Requirement
Copy exactly the lines of the records below, starting at the line that contains "2019 Yılı Üniversitemiz" and continuing through the last line, both included; omit any pictures.

Records supplied section start

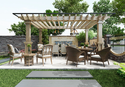 美式欧式景观花园,庭院,凉亭,廊架,植物景观,户外藤编桌椅
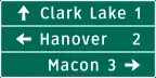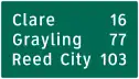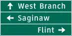 Series D of the Michigan Manual on Uniform Traffic Control Devices is for directional signs. The following tables display only the signs specific to the sign manual in Michigan, including signs using the Clearview typeface for text; consult MUTCD/D for directional signs in the national standard.
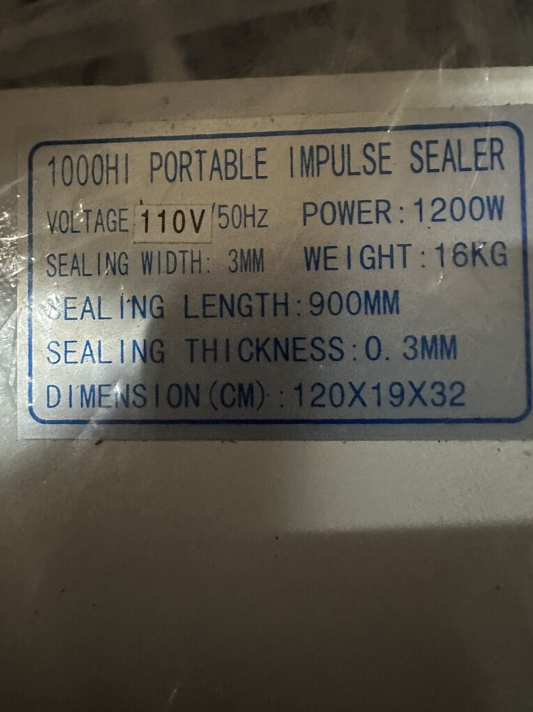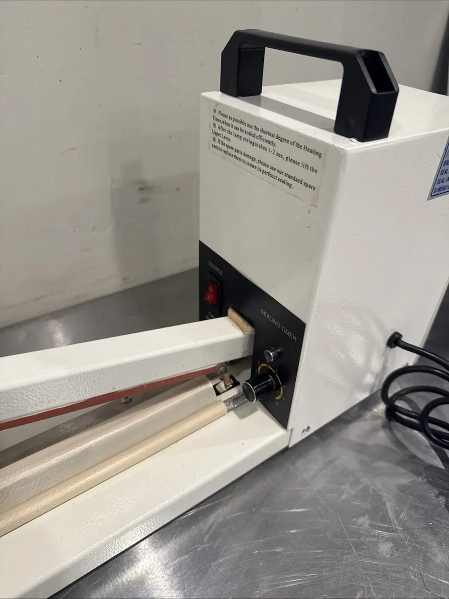 The HI-1000 Impulse Heat Sealer is a versatile sealing machine designed for various applications in the packaging and shipping industry. With its poly element plastic sealing capabilities, this machine provides efficient and reliable sealing for a wide range of materials. The Impulse brand ensures quality and durability, making it a valuable asset for businesses looking to streamline their packaging processes. The HI-1000 is a dependable option for those in need of a high-quality impulse heat sealer for their packaging needs. 0.11 (2.7mm) seal width ensures heat sealer can seal up to 8 mil plastic bag with 1400W heating element Steel construction build tough for sealing long and wide plastic bag with effective seal length of 39.75 To seal bag, set the timer and insert the bag between sealing bar and platform, press down and release Equipped with an easy-to-use electric timer to better control the sealing time
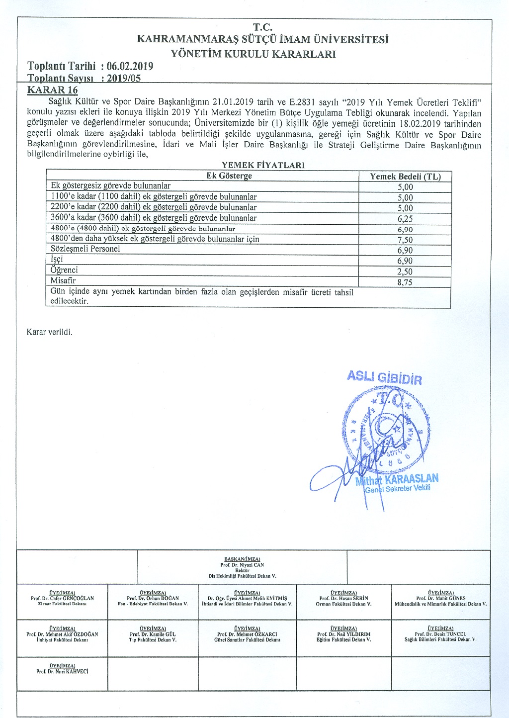 2019 Yılı Üniversitemiz Yemek Ücretlerinde Güncelleme Yapılmıştır
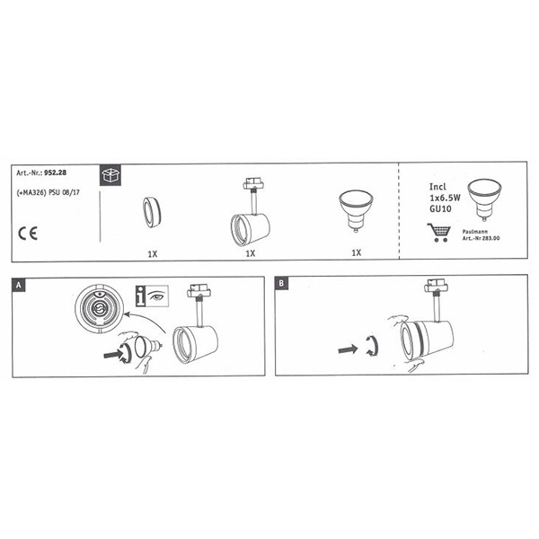 • Кол-во цоколей и их сумм. мощность GU10 max 6.5W (LED)
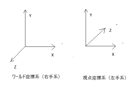 3次元空間に用いられる座標系には、ワールド座標系(右手系)、視点座標系(左手系)があります。
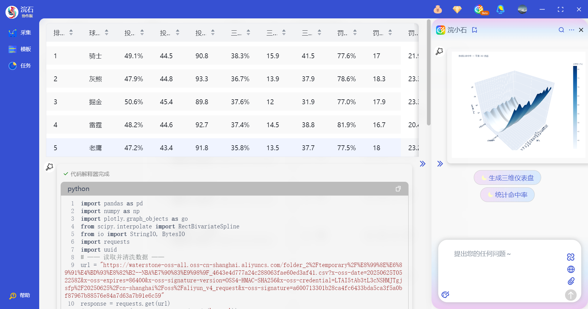 - AI 助理自动清洗数据、生成分析报告(含思维导图、PDF 趋势预测);
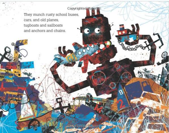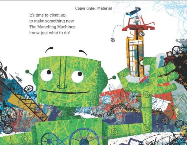Man the machines and help clean up the junkyard in this rousing robot story that encourages community building.

Records supplied section end

Response for this exercise
 2019 Yılı Üniversitemiz Yemek Ücretlerinde Güncelleme Yapılmıştır
 • Кол-во цоколей и их сумм. мощность GU10 max 6.5W (LED)
 3次元空間に用いられる座標系には、ワールド座標系(右手系)、視点座標系(左手系)があります。
 - AI 助理自动清洗数据、生成分析报告(含思维导图、PDF 趋势预测);
Man the machines and help clean up the junkyard in this rousing robot story that encourages community building.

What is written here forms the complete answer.